_What to work on_
Exact copies of the lines below are the goal; any images in them are dropped.
** Supplied entries follows **
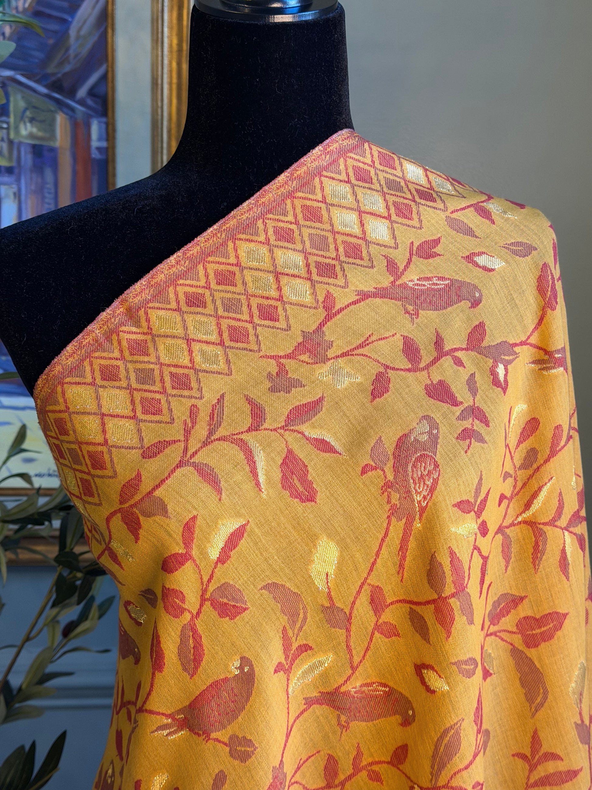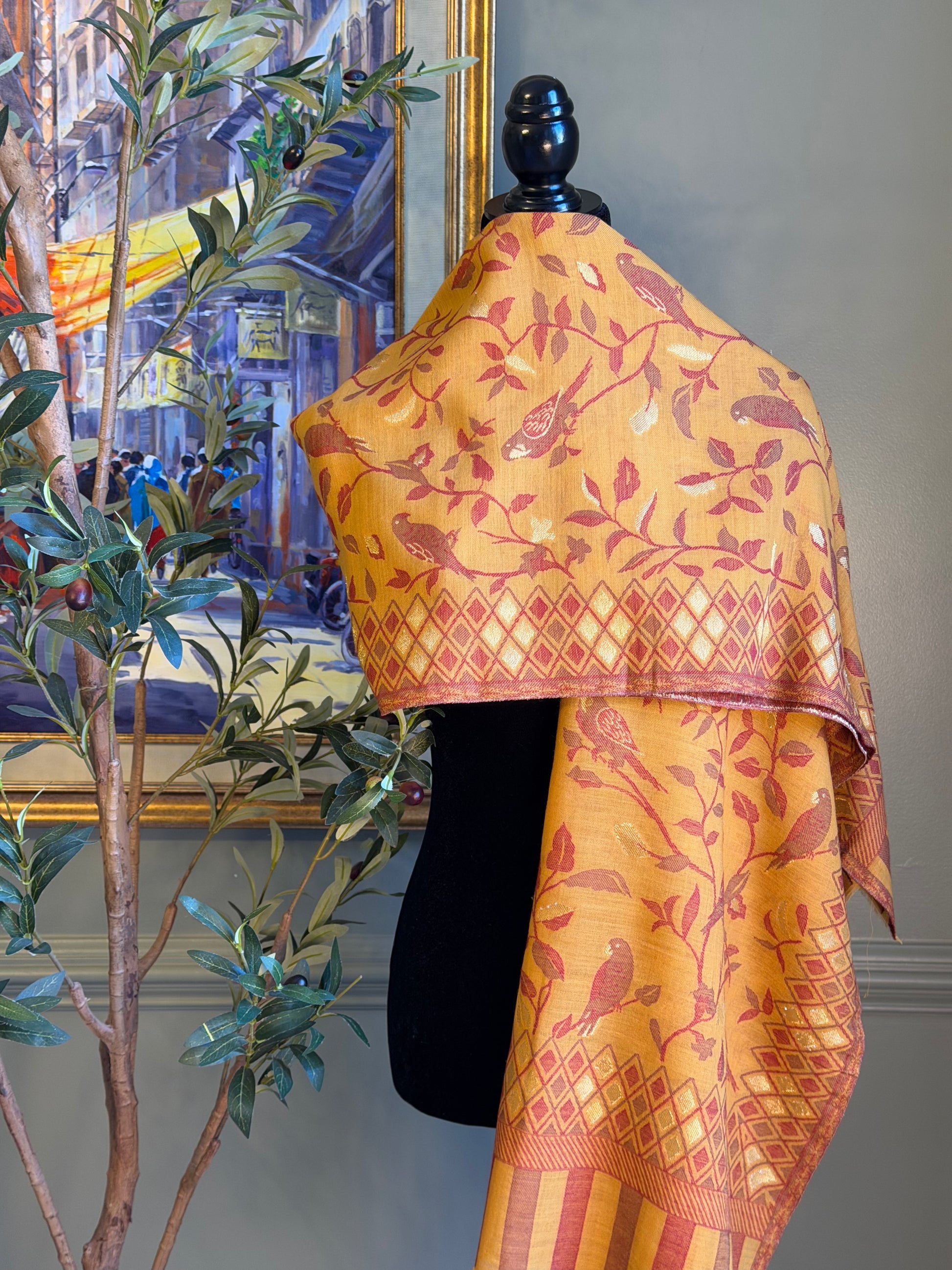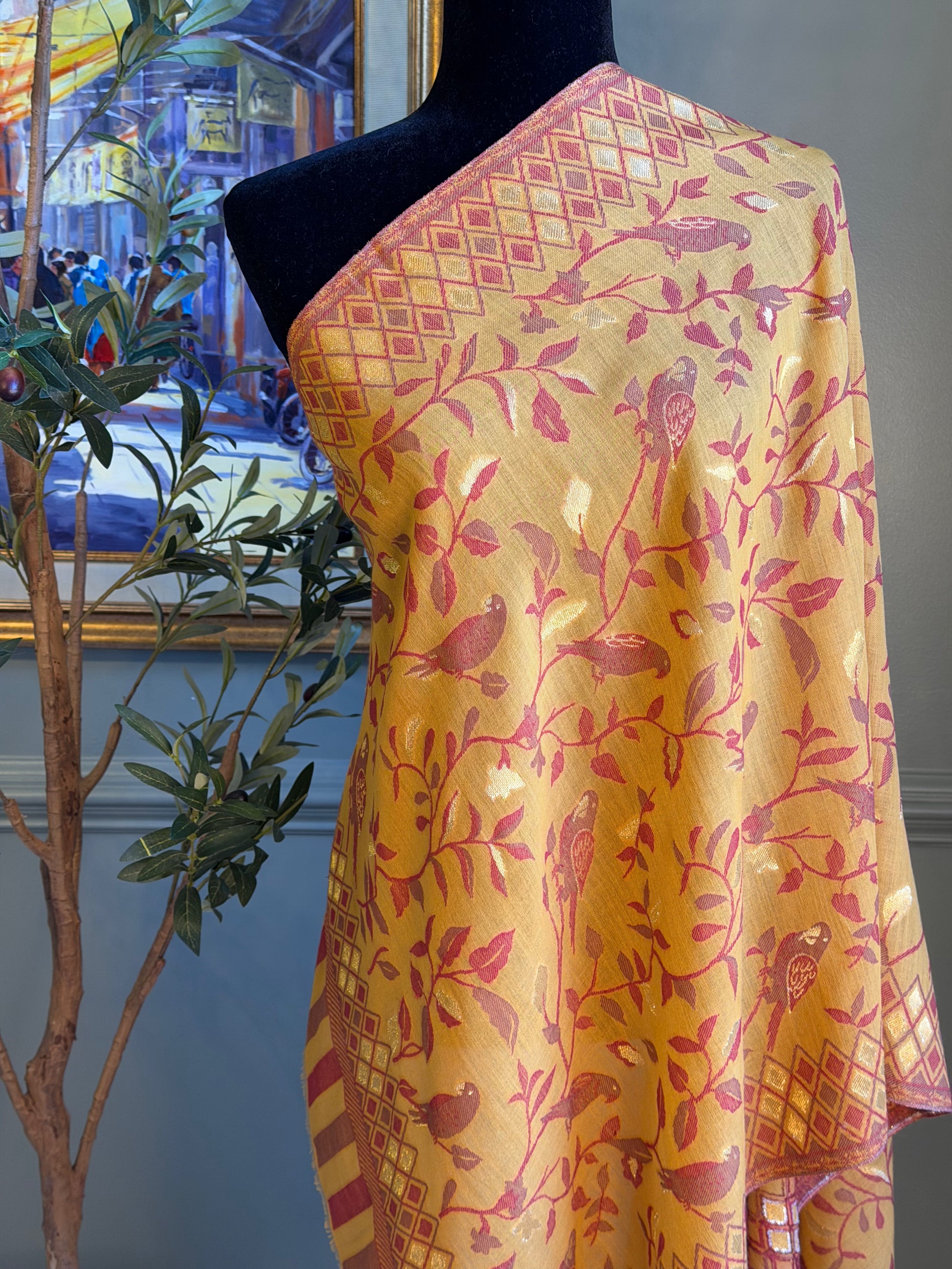 Elevate your everyday with this stunning wool Kani shawl, adorned with intricate bird motifs that bring timeless elegance to any outfit. The vibrant yellow hues instantly brighten your look while the luxurious wool fabric ensures comfort and sophistication. A refined piece that effortlessly combines style with warmth.
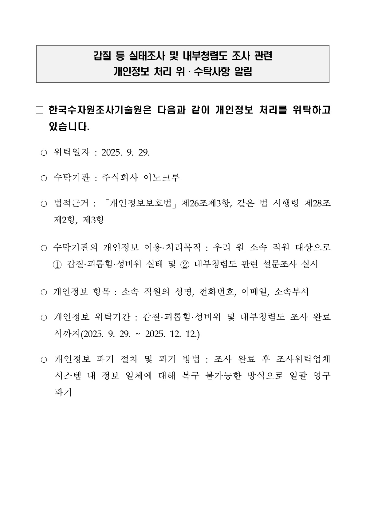 갑질 등 실태조사 및 내부청렴도 조사 관련 개인정보 처리 위·수탁사항 알림
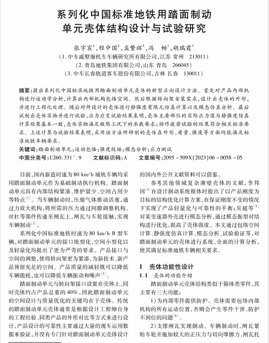系列化中国标准地铁用踏面制动单元壳体结构设计与试验研究
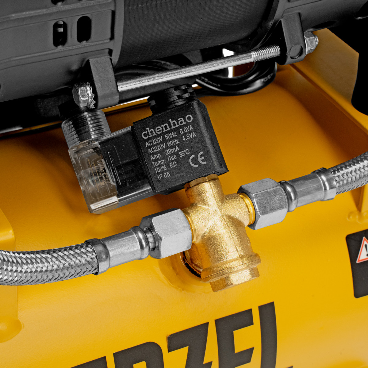 • Автономность — специальное реле останавливает компрессор по достижении максимального рабочего давления и запускает двигатель при падении давления до минимального уровня.
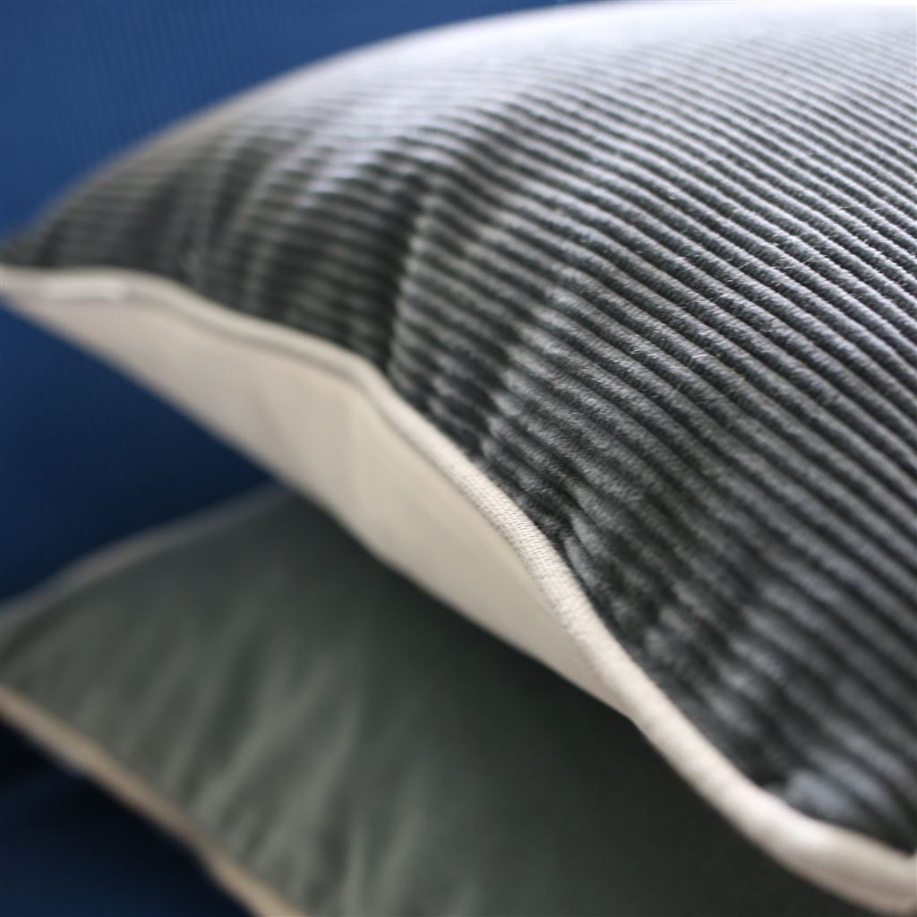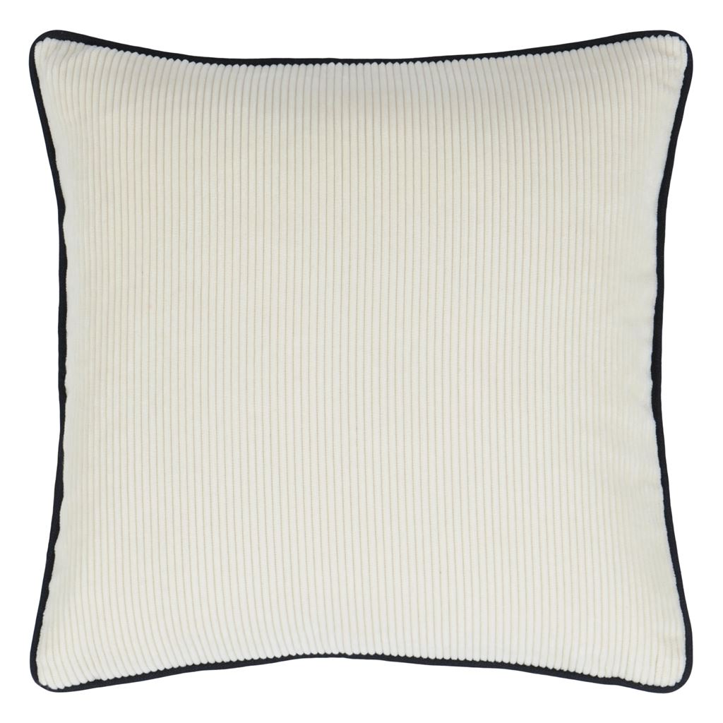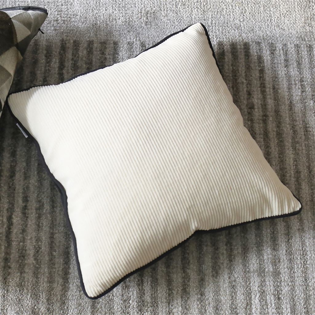 Our new Corda cotton corduroy cushions are the modern staple for every scheme. Soft to the touch in chalk white and coordinated with our Velluto noir plain velvet, this luxurious square cushion is finished with a Scala linen piping detail in noir. All our cushions come with a luxurious feather pad.
** End of Supplied entries **
_Task answer_
 Elevate your everyday with this stunning wool Kani shawl, adorned with intricate bird motifs that bring timeless elegance to any outfit. The vibrant yellow hues instantly brighten your look while the luxurious wool fabric ensures comfort and sophistication. A refined piece that effortlessly combines style with warmth.
 갑질 등 실태조사 및 내부청렴도 조사 관련 개인정보 처리 위·수탁사항 알림
系列化中国标准地铁用踏面制动单元壳体结构设计与试验研究
 • Автономность — специальное реле останавливает компрессор по достижении максимального рабочего давления и запускает двигатель при падении давления до минимального уровня.
 Our new Corda cotton corduroy cushions are the modern staple for every scheme. Soft to the touch in chalk white and coordinated with our Velluto noir plain velvet, this luxurious square cushion is finished with a Scala linen piping detail in noir. All our cushions come with a luxurious feather pad.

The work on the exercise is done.